Responsible businesses operate in such a way as to benefit the wider world, including the environment, society, employees, customers and suppliers, while also attempting to make a profit.Summary by The World of Work Project
Responsible business is an increasingly common, yet at the same time rather opaque phrase. While we can all agree that being responsible as a business is a good thing, finding consensus on exactly what responsibility looks like is more complicated.
Part of the reason for the confusion over what exactly responsibility means when it comes to business is that there isn’t always consensus over what responsibility means at a societal level either. Given this, we start our consideration of responsible business with a look at what responsibility means for society.
Responsibility at a Societal Level
While our nations differ in their views as to what responsibility looks like at a societal level, some efforts are being made to establish consensus in this area. The best global framework that we have at the moment that provides guidance in relation to what responsibility looks like at a societal level is the UN’s Sustainable Development Goals.
The 17 UN Sustainable Development Goals (SDGs) cover a wide range of social and environmental factors that will shape what our human experiences on earth will be like in years to come. They were adopted by all UN member states in 2015 as part of the 2030 Agenda for Sustainable Development which set out a 15-year, global plan to achieve the Goals.
The Role of Business
There are competing views as to what the role of business should be in helping society reach its goals.
Some people think that the only role of business should be to maximize profit and returns to shareholders (Shareholder Value Maximization – We haven’t written about this yet), while others think that businesses should think about their impacts on all of their stakeholders (Stakeholder Capitalism – we haven’t written about this yet).
If we try and ignore this split for the moment and simply think about the direct impacts that businesses can have on the world, then we can say that a responsible business is one that helps society achieve the UN Sustainable Development Goals.

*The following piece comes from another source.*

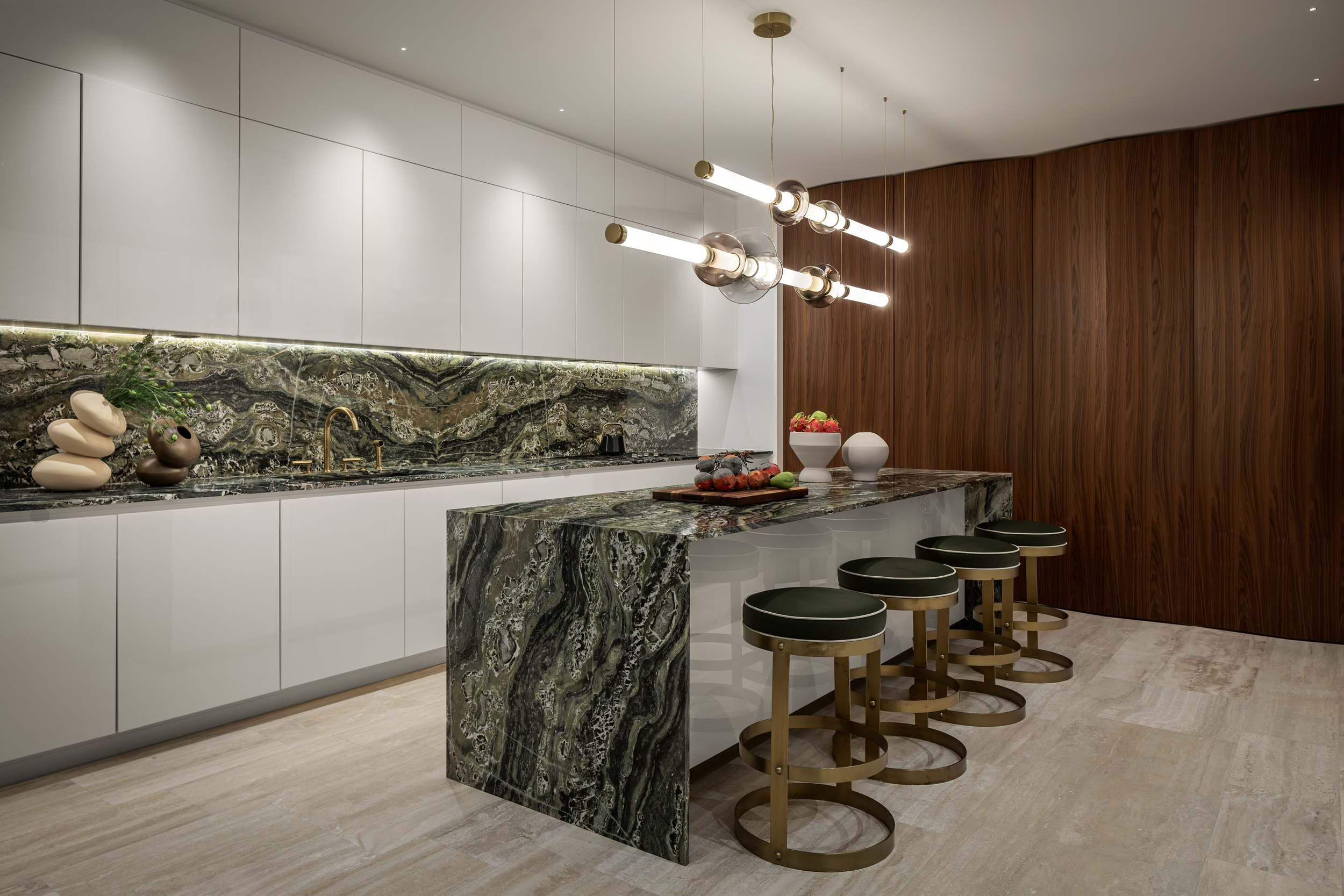 Located in the world renowned Surf Club Four Seasons in Surfside, Love Lake Studio collaborated with their client to re-imagine and enhance the features of their Richard Meier designed residence. Colorful stone, modern millwork, integrated lighting and custom furniture pieces combine to create an atmosphere of comfortable refinement.

Or at a minimum, it is one that doesn’t hinder society in its effort to achieve these goals.
Don’t just take our word for this though. Business in the Community defines a responsible business as one that puts creating healthy communities and a healthy environment at the center of its strategy to achieve long-term financial value. In other words, a responsible business is one that seeks to help create healthy outcomes for both people and the plant, in line with the UN’s Sustainable Development Goals.

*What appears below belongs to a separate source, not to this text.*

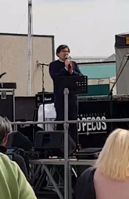 Simone Pugnaloni (Pd) ieri mattina al banchetto di OsiAmo, una lista della sua coalizione, in corso Mazzini
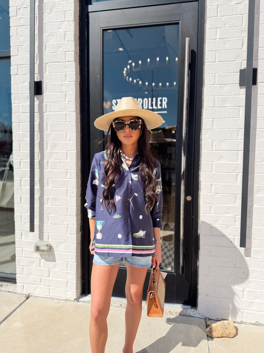 NAVY GOLF PRINT SHIRT

The World of Work Project View
Responsible business is an excellent thing. The most responsible businesses we have manage to improve their communities and the environment, as well as to generate a profit for their shareholders.

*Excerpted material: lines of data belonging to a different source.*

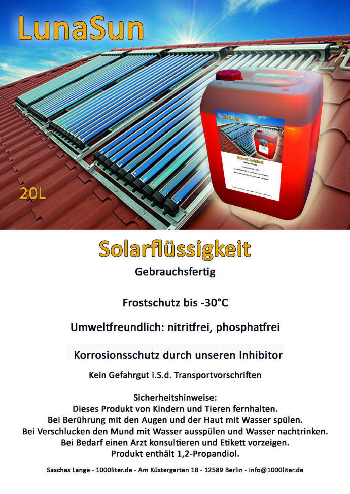 Umweltfreundliches Langzeit-Frostschutzmittel mit Korrosionsschutz für thermische Solaranlagen(Für Flach – und Vakuumrohrenkollektore) Frostschutz bis -28℃
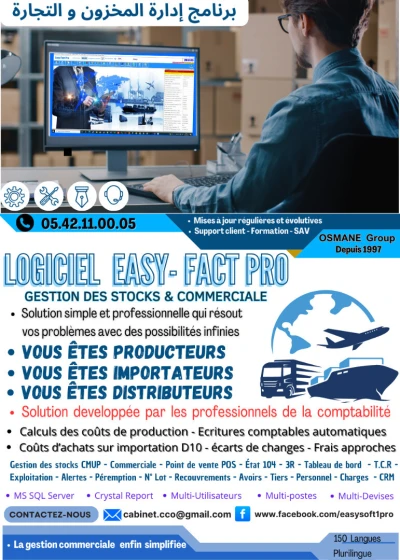 LOGICIEL EASY-FACT PRO - CALCULS COÛTS DE PRODUCTION COMMANDE CLIENT – P.R.J مؤسسات المطاعم، التموين الغذائي، الفنادق، المقاصف، والخدما
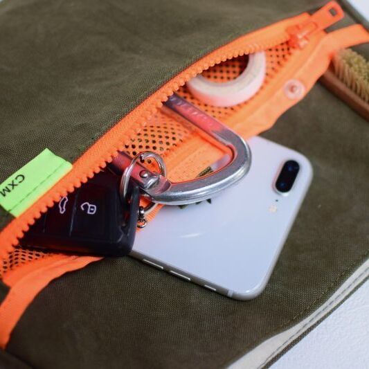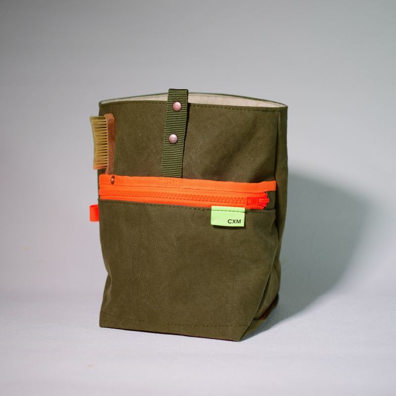 底の生地を二重にし、底に重心をおくことでチョークバッグが倒れることを防ぎます。物を入れることでより安定します。

However, this is all rather nuanced and complex. Managing a wide range of stakeholders isn’t easy for organizations. When returns are increased for one set of stakeholders, they usually are reduced for others, at least in the short term.
What this means is that the level of responsibility that an organization exhibits is really the product of the competing influences that its stakeholders have over it. Some stakeholders will push more for responsibility than others, and some stakeholders have more influence than others. And many stakeholders have little immediate incentive to influence their businesses to behave in responsible ways.
Because of this lack of immediate incentive for many organizations, alternative levers of influence are often required to move organizations towards responsibility. These levers include things like consumer action, regulators and legislation. While many industries push for self-regulation, this often leads to poor outcomes for the majority of stakeholders.
In our view we, as members of society, need to do more to drive our organizations towards responsibility.
Of course, responsible business brings together many complex, interconnected and systemically linked topics, so we’ve not even really scratched the surface of it here. We know we’ve not been broad or deep in this post, but it’s a subject we’re passionate about, so we wanted to at least get into onto the table for discussion!
Sources and further reading
Where possible we always recommend that people read up on the original sources of information and ideas.
The concepts behind this post is based on the UN Sustainable Development Goals, work by Business in the Community, Kate Raworth’s book “Doughnut Economics” and general research and conversations we have had over the course of our careers.